Her English was insufficient to allow her to explain. She just kept repeating, “Come! Come!” until finally the sergeant called over two of his men and told them to escort the lady upstairs and find out what was wrong. Jack, curious, accompanied the men across the courtyard, none of them moving fast enough to suit Maria, who kept stopping and waving at them to catch up, with a flick of her hand, the way you’d call a dog to heel.

She led them through a door, its glass replaced with panels of scarred timber that had somehow managed to evade the cooking fires. A stairway looped upward with vestigial elegance, and at its center rose an elevator shaft, enclosed in lacy wrought iron. It was heaped with trash, including a baby carriage missing all but one of its wheels. As they climbed up the staircase circling the defunct elevator shaft, birds nesting in the walls took off with a great flutter of wings, startling Jack, though not the others.

There were three rooms on each floor, and most of the doors were open as a concession to the thick July heat. Jack saw that the rooms had been divided into crude cubicles, with each living space separated from the others by a strung-up blanket. Six, seven, up to a dozen people were
crammed into each room, lying on bunks of crude lumber or sprawled in one of the few remaining chairs. Children chased one another through the halls. When the soldiers and their furious escort reached the fourth floor, the door to the first apartment opened, and an elderly woman walked out. Jack looked past her into the apartment and saw a couple kissing. They were standing, the woman leaning against a wall, her face turned to the door, the man’s hands planted on either side of her head. She opened her eyes just as Jack looked in. She stared at him, impassive. He turned quickly away.

Maria stopped in front of the last apartment on the floor, poked her head through the open doorway, and immediately she began yelling in some Slavic language.

“Fucking DPs,” the older of the two GIs muttered.

“Hey, Lieutenant,” the other one said in a thick Southern accent. “You speak the lingo? Think you can figure out what the hell’s going on here?”

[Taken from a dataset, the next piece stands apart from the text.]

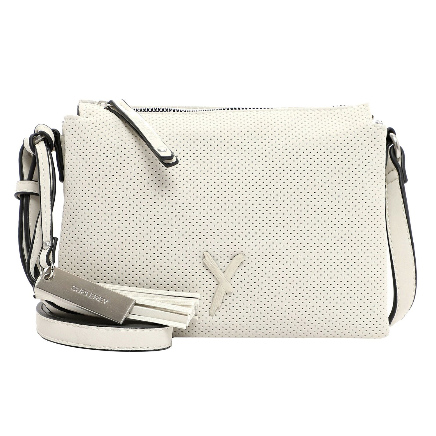 Schöne Tasche von Suri Frey aus weichem perforiertem Material in Lederoptik mit verstellbarem Umhängeriemen. Sie verfügt über ein übersichtliches, unterteiltes Hauptfach sowie zahlreiche Nebenfächer und bietet damit optimale Bedingungen, um die wichtigsten Gegenstände zu verstauen.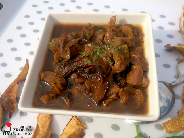 GULASZ Z ŻOŁĄDKÓW DROBIOWYCH I SUSZONYCH GRZYBÓW LEŚNYCH

“Not my job, Private,” Jack said, but now Maria had switched to broken German, and he was curious to find out just whom she was threatening to throw down the stairs.

He pushed into the room and found her towering over what he took, at first, for an elderly man, hunched at the waist, propped up by crutches fashioned from two lengths of broken board. The man’s body shook with the effort of staying upright. Huddled behind him were two small boys, one of them in tears.

Jack said, “Is it the children you plan to throw down the stairs, Maria? Or the man with the canes?”

Maria looked surprised at his German, though unembarrassed that her threats had been overheard. “They don’t get out, I throw them down all three.” Her accent was thick, her grammar terrible, but she had no trouble making herself understood.

“This room is for this men!” Maria said, pointing to the back of the room, where Jack now noticed two men sitting at a small table, filling the air with the smoke of their cigarettes. They acknowledged his presence with barely a glance. They appeared to have been harvested from the same potato field as Maria.

The
KZler
was lucky Maria was here, she told Jack. Otherwise the rightful residents might have taken the interlopers’ eviction into their own hands, and then all three would be crying, not just the little louse.